ИНТЕЛРОС > №148, 2017 > Игра на чужом поле (Заметки о теории, 33) Сергей Зенкин
|
Литература говорит обо всем, и ее исследователям тоже соблазнительно судить не только о текстах, но и об их предметах — о «жизни». Этот соблазн можно даже рационализировать, ввести в методологически ответственные рамки. В истории не раз предпринимались попытки исследовать жизнь через литературу; этим занимались русская «реальная критика» XIX века, французская антиромантическая эссеистика начала ХХ в.[1] В 1970—1980-е гг. такие попытки получили эпистемологическое оформление в двух строго научных программах — тартуской «поэтике бытового поведения» и англо-американском «новом историзме». однако, несмот ря на обнадеживающие достижения, в современной науке эти подходы развиваются недостаточно, по-видимому из-за конфликта дисциплин.

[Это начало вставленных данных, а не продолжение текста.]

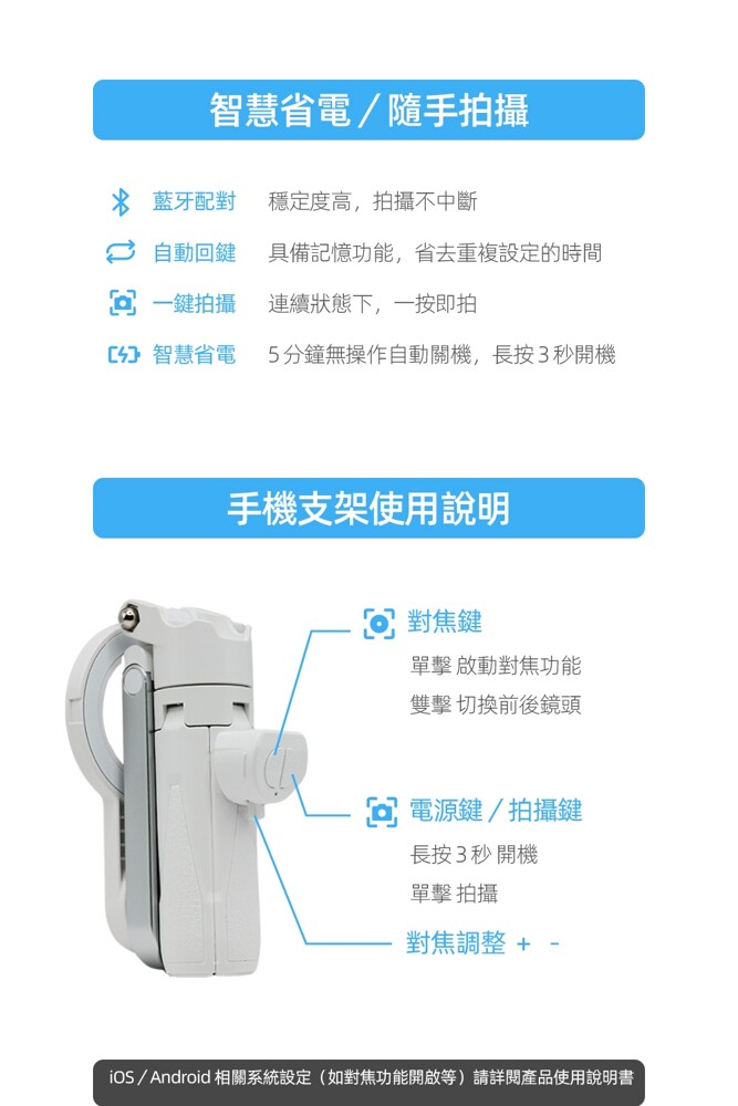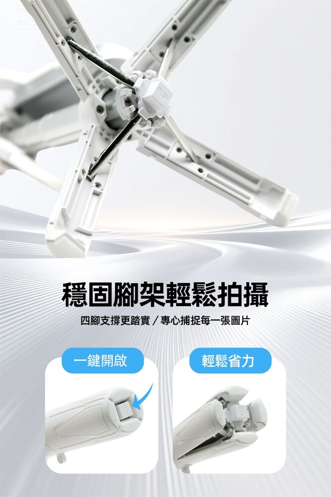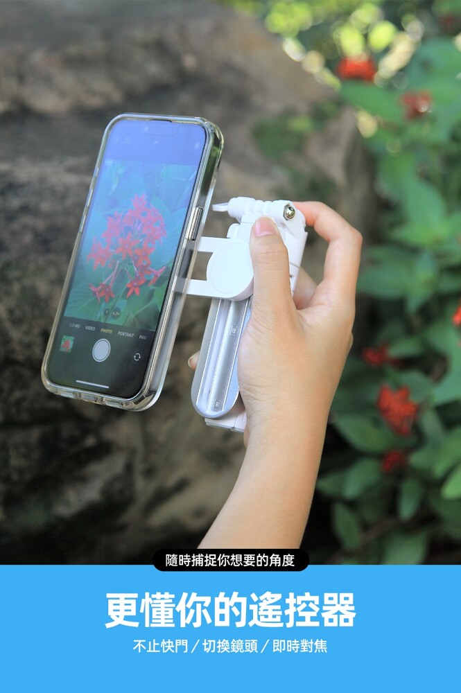 內建可拆式藍芽5.2版遙控器,採用Type-C充電,一鍵輕鬆拍照,支援遠距操作,自由調整拍攝角度與位置,無需他人協助。

Действительно, поведением людей ведают другие, «нелитературные» науки — история, социология, психология, и аналитикам художественных текстов трудно с ними конкурировать, а корректных языков для междисциплинарного взаимодействия недостает; «новый историзм» не выработал такого четко кодифицированного языка, а язык структурной семиотики остался мало востребованным и едва ли не вытесненным на периферию гуманитарных наук вместе с самой семиотикой. Экстраполируя литературные методы на внелитературную сферу, humanities заступают на чужое поле, на территорию social sciences; здесь они сталкиваются с неудобным для себя материалом реальных событий и поступков, которые по своей природе отличны от текстов и идей. Приходится выбирать одну из двух стратегий: либо искать «жизненный» материал, не отступая далеко от самой литературы, в художественных текстах и литературном быту, либо каким-то образом приравнивать формы литературного письма к категориям социальных (а может, и естественных) наук, чтобы далее применять и те и другие к внехудожественным объектам. Эти две стратегии используются в двух книгах, которые будут рассмотрены ниже. монография немецкого слависта Шаммы Шахадат называется «искусство жизни» и посвящена русской литературе и культуре, по преимуществу Серебряного века[2]. Это не теоретический труд в строгом смысле слова, но автор прекрасно осведомлена в теоретических идеях (включая упомянутые выше «поэтику бытового поведения» и «новый историзм»), применяет их широко и обдуманно[3]. теория фигурирует у нее не столько в форме прямо формулируемых тезисов (хотя есть и такое), сколько как метод практического историко-культурного анализа, и именно этот аспект ее работы интересует нас здесь.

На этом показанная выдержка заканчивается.